- [Required action]:
Look below for the line containing "Un pret incredibil" and the line containing "Suministro Transfronterizo Exportación", then set down both and every line between them exactly, without pictures.

- [Source data]:
--- START ---
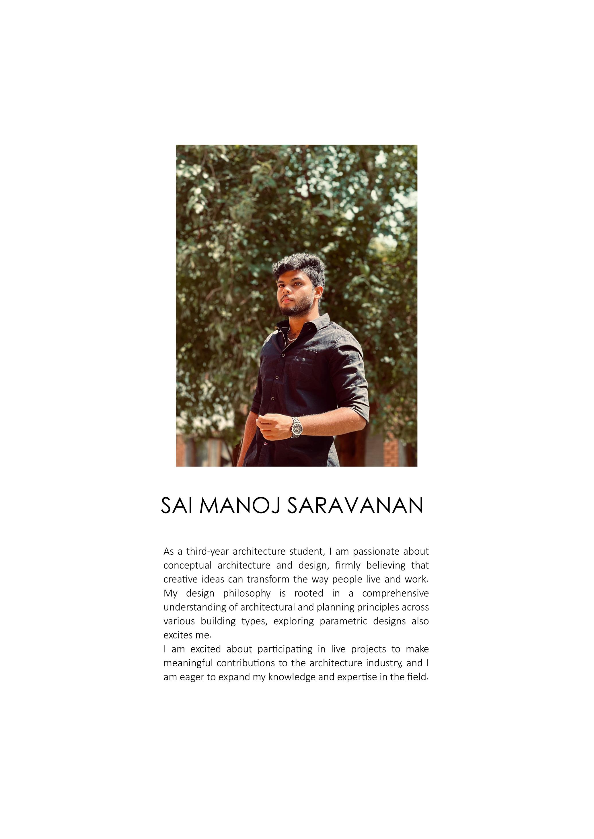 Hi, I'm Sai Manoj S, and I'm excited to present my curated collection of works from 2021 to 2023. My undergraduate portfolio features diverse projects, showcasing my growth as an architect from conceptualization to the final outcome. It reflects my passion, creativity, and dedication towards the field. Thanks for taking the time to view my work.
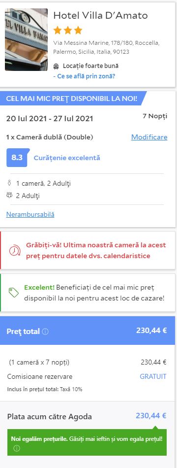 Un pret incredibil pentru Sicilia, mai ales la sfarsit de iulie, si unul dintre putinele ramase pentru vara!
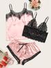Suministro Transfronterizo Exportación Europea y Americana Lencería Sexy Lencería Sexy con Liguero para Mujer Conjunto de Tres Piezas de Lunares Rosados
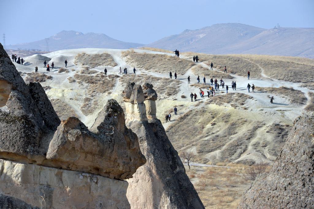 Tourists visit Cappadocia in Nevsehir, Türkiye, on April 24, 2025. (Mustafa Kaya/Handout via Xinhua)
--- END ---
- [Output for this task]:
 Un pret incredibil pentru Sicilia, mai ales la sfarsit de iulie, si unul dintre putinele ramase pentru vara!
Suministro Transfronterizo Exportación Europea y Americana Lencería Sexy Lencería Sexy con Liguero para Mujer Conjunto de Tres Piezas de Lunares Rosados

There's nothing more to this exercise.